Sakineh Mohammadi Ashtiani, the woman sentenced to stoning in Iran and her son, Sajjad Ghaderzadeh spoke to foreign reporters on Saturday in a press conference arranged by the judiciary.
International media report that Ashtiani denied being tortured in prison and maintained that all her interviews have been done voluntarily.
Ashtiani has appeared earlier in Iranian television making a number of confessions incriminating herself in the murder of her husband.
Sajjad Ghaderzadeh who was only released on December 12 on a $40,000 bail from Tabriz Prison called for clemency in the case of his mother. He claimed: “I thought if the case becomes controversial then my mother would be released but that didn’t happen.”

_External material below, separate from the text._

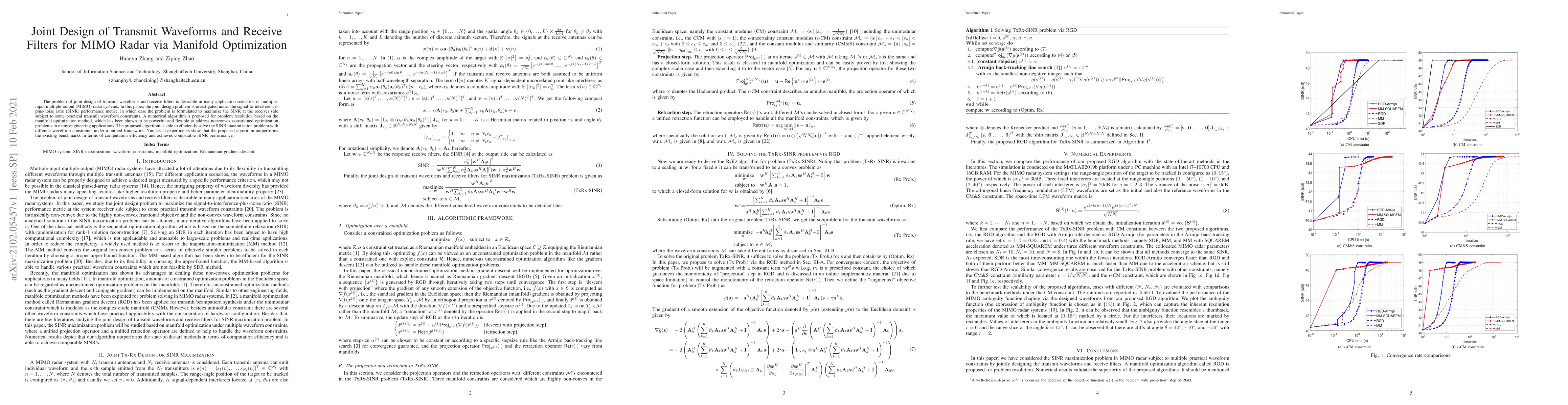 This paper proposes a manifold optimization method to jointly design transmit waveforms and receive filters for MIMO radar systems to maximize signal-to-interference-plus-noise ratio (SINR). The algorithm efficiently solves the nonconvex optimization problem and outperforms existing benchmarks in computational efficiency while achieving comparable SINR performance.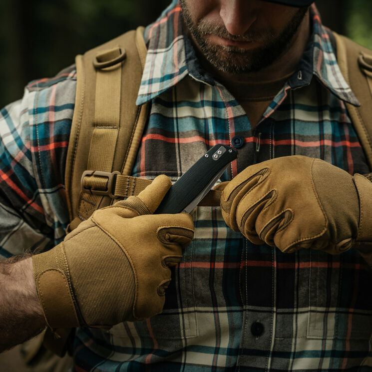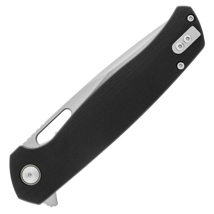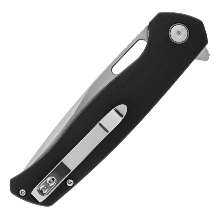 Rękojeść noża wykonano z czarnego laminatu G10, odpornego na uszkodzenia mechaniczne, wilgoć oraz zmiany temperatury. Teksturowana powierzchnia zapewnia dobrą przyczepność, co przekłada się na pewny i stabilny chwyt nawet w trudnych warunkach pogodowych. Rękojeść o ergonomicznym kształcie dobrze dopasowuje się do dłoni, redukując zmęczenie przy dłuższym użytkowaniu. Model Orix został wyposażony w przekładalny sprężysty klips, który umożliwia noszenie noża zarówno po lewej, jak i po prawej stronie, ułatwiając szybki dostęp niezależnie od preferencji użytkownika.

He stated that through the internet and Mina Ahadi, an Iranian resident of Germany who heads the Campaign Against Stoning, he had found the two German journalists that intended to interview him in Tabriz. He added that Ahadi also introduced him to Mohammad Mostafai, his mother’s lawyer.
Ghaderzadeh went on to blame Mohammad Mostafai and Javid Houtan Kian, lawyers of his mother’s case and the two German journalists for aggravating the case against her mother.
He stated that Mohammad Mostafai had taken $2000 from them and left Iran without even seeing his mother. Gajderzadeh claimed that Mostafai had used her mother’s case to get asylum in a foreign country.
Mohammad Mostafai fled Iran last year after his wife and brother-in-law were summoned by the Iranian judiciary. He sought asylum in Norway where he currently lives.
Ghaderzadeh was arrested in September while being interviewed by the two German journalists in Tabriz. Iranian security forces arrested him along with the two German journalists and Javid Houtan Kian, the other lawyer of the case. Houtan Kian and two journalists still remain in custody.
Iranian judiciary sentenced Mohammadi Ashtiani to death by stoning in 2006 for adultery. An international campaign to stop her sentence has issued in the past months after which her sentence was suspended and came under review. She could still face death by hanging for complicity in the murder of her husband.